Adding a whole-home air purifier to your central air system can improve the quality of your home’s indoor air by significantly lowering the concentration of indoor air pollution. At the same time, it also reduces asthma and allergy symptoms. Indeed, there are various advantages to investing in a whole-home air purifier.
- Cleaner indoor air: The biggest advantage of having an air purifier is that your family will breathe cleaner air all year. Whole-home air purifiers will filter out bacteria and viruses and minimize the quantity of dust, pet dander, and other pollutants in the air, which aids in the elimination of allergy symptoms and the alleviation of other respiratory illnesses such as asthma.

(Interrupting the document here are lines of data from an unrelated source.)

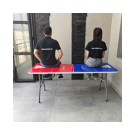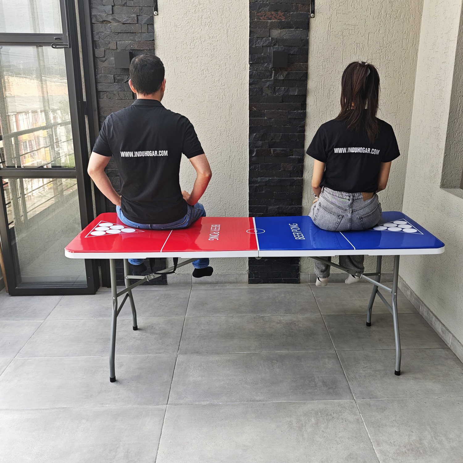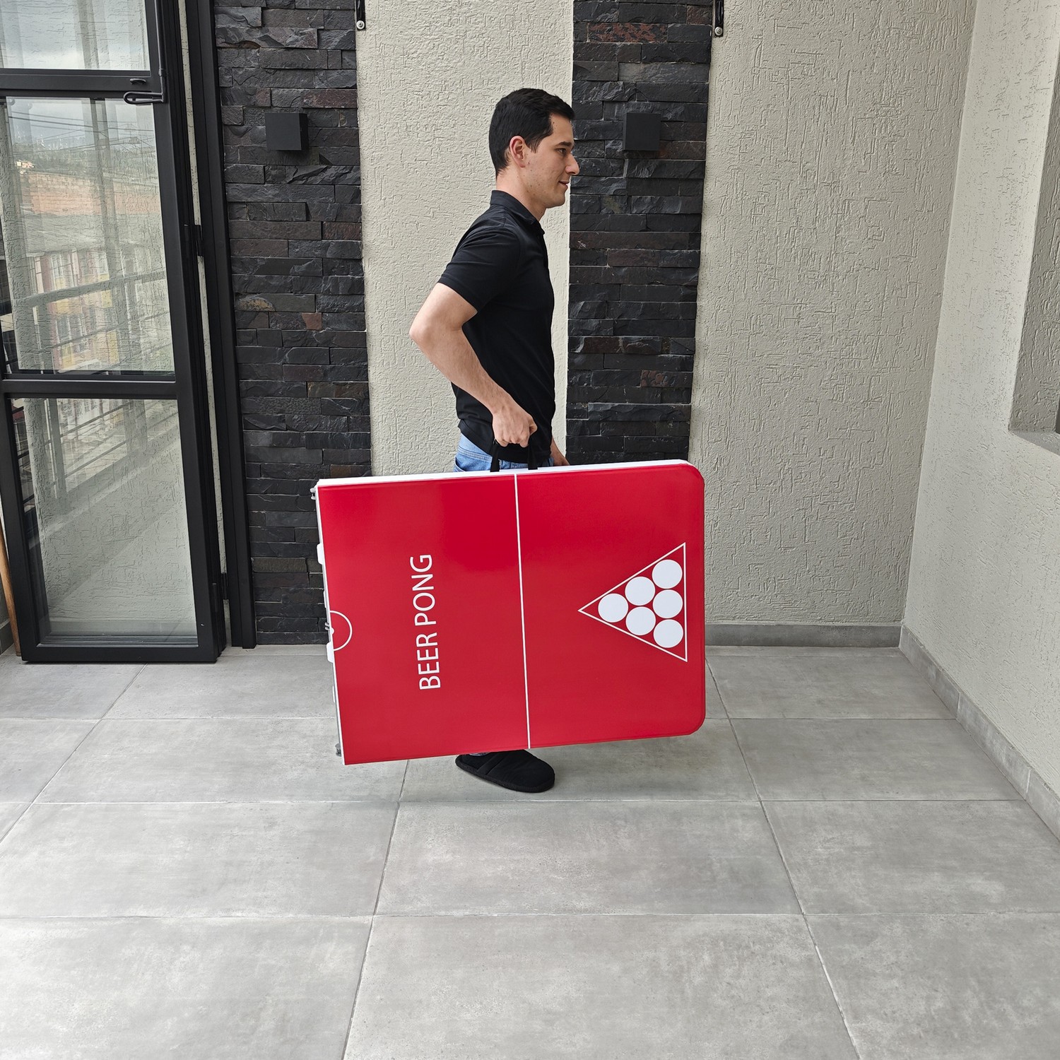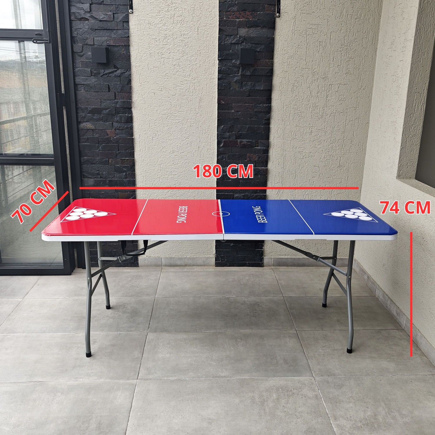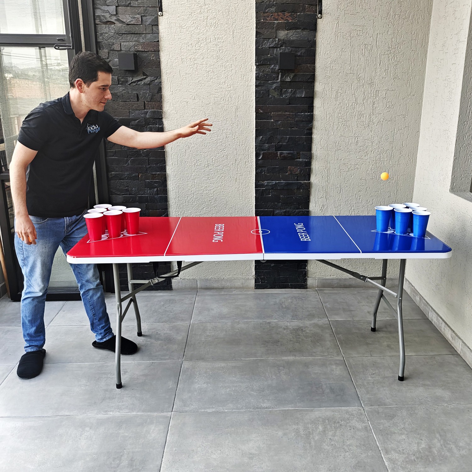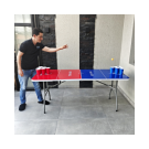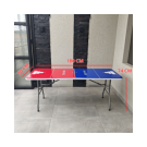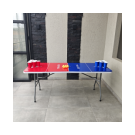 Mesa plegable para jugar beer pong + vasos + pinpones con estructura en acero que soporta hasta 150kg distribuidos en su superficie. Cuenta con dos tipos de seguro que te dan la tranquilidad de tener una mesa firme y estable; el primer seguro es en acero y se activa automáticamente cuando se abre la mesa y el segundo seguro son dos argollas de acero que se deslizan cuando se voltea la mesa. Es multifuncional ya que la puedes utilizar en banquetes, mesa para el computador, auxiliar para el hogar, eventos recreativos al aire libre etc. También es de fácil almacenamiento y traslado ya que se pliega en forma de maletín y cuenta con manija para cargarla.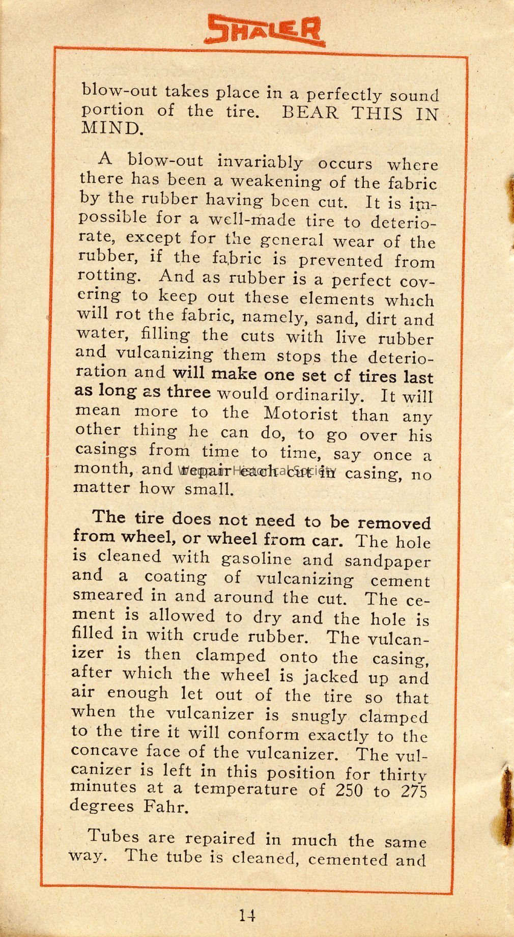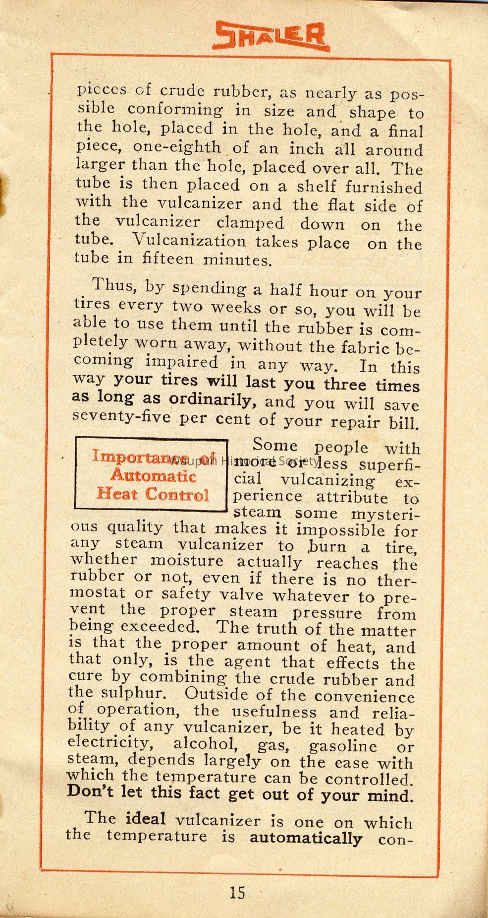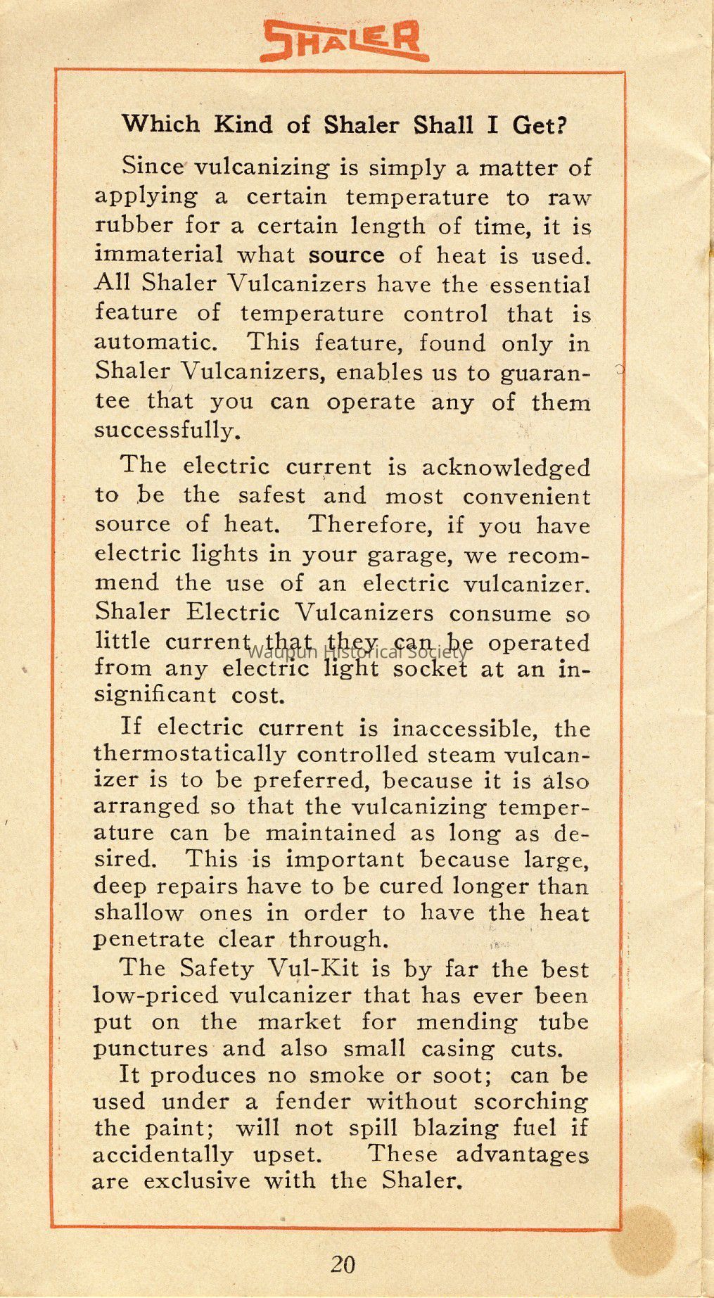 Physical Description: Booklet advertising Shaler Vulcanizing Products.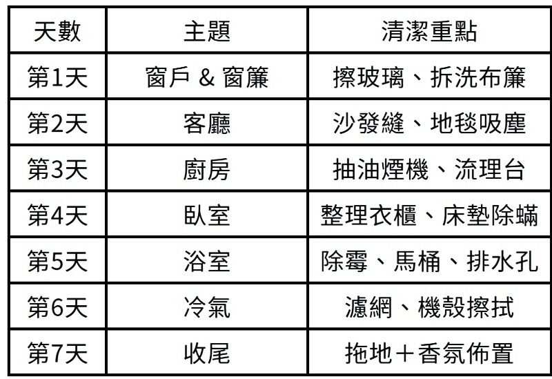 大掃除最可怕的是「一次全部來」,但其實只要「每天一點點」就能看見明顯效果。只要照著 以下的「懶人 7 天計畫」,一週後你家就能從混亂狀態變得明亮如新。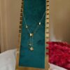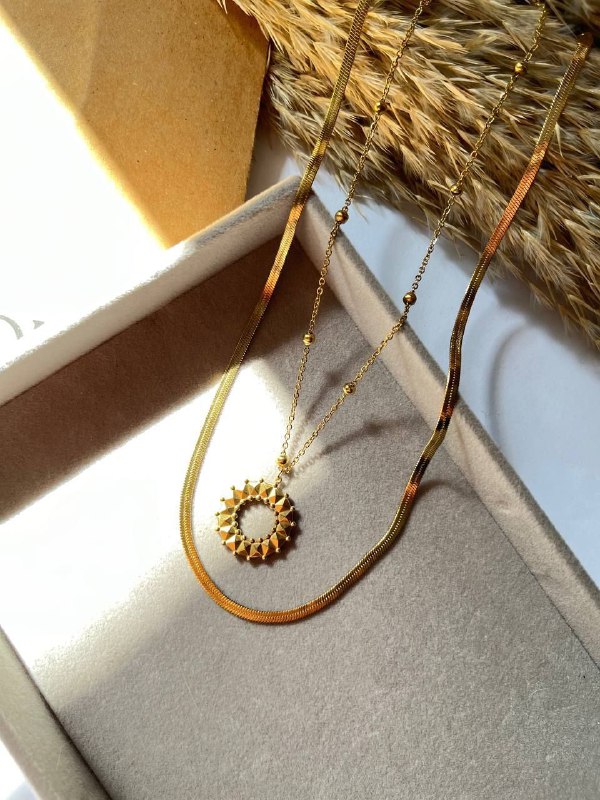 سلسلة مطلية بالذهب بتصميم من طبقتين، تتكون من سلسلة ثعبانية عريضة وسلسلة رفيعة مزينة بكرات صغيرة وقلادة على شكل حلقة شمسية مدببة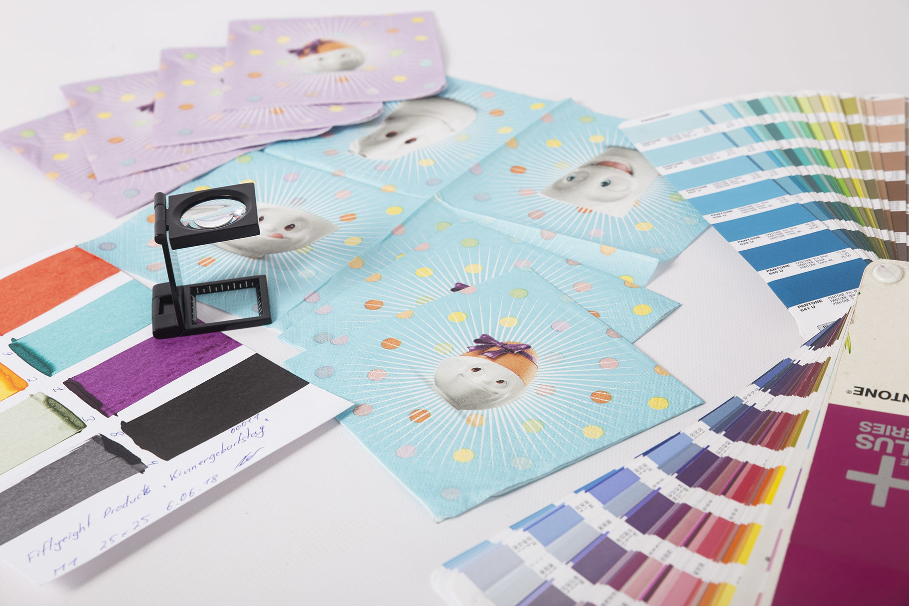 In order to maintain full quality control over the six new napkin designs, FIFTYEIGHT designer Peer Koch even made the trip to the printing workshop in the Erzgebirge mountains. For instance, the napkin design “Face Pastrami” shows a close-up of TASSEN dishware on an all-white background. “That makes optimal color rendering with the subtle tones of gray extremely hard to achieve without making it look dotted or even dirty. Plus, the material’s extreme absorbent properties are not necessarily making things easier,” says Peer. That’s why he used the on-site visit to discuss the perfect color tones with the expert paper manufacturers.

- Elimination of odors: Because air purifiers capture a variety of airborne particles, they help control unpleasant odors caused by these particles. Air purifiers, for example, may make your house smell fresher in less time after preparing odorous dishes or smoking cigarettes. A whole-house air purifier will assist in cleaning the air in the bathroom, near the refrigerator, and even in a dirty teen’s room.
- Less dust accumulation: If you’ve ever battled with dust collection on surfaces, gadgets, books, or other goods, you will understand how irritating it is to see the dust reappear days after cleaning. Dust collects less quickly with a whole-home air purifier because much of it is contained in the device itself. Although you’ll need to clean the filters in your HVAC system, air purifier, and supply vents on a regular basis, it’s comforting to know you can dust less frequently.
- Central air system life extension: Adding a whole-home air purifier to your HVAC system improves its efficiency and, hence, its longevity. The reason is that the air purifier will catch impurities that might otherwise collect in the system’s filters, making the air conditioner work harder to cool the area.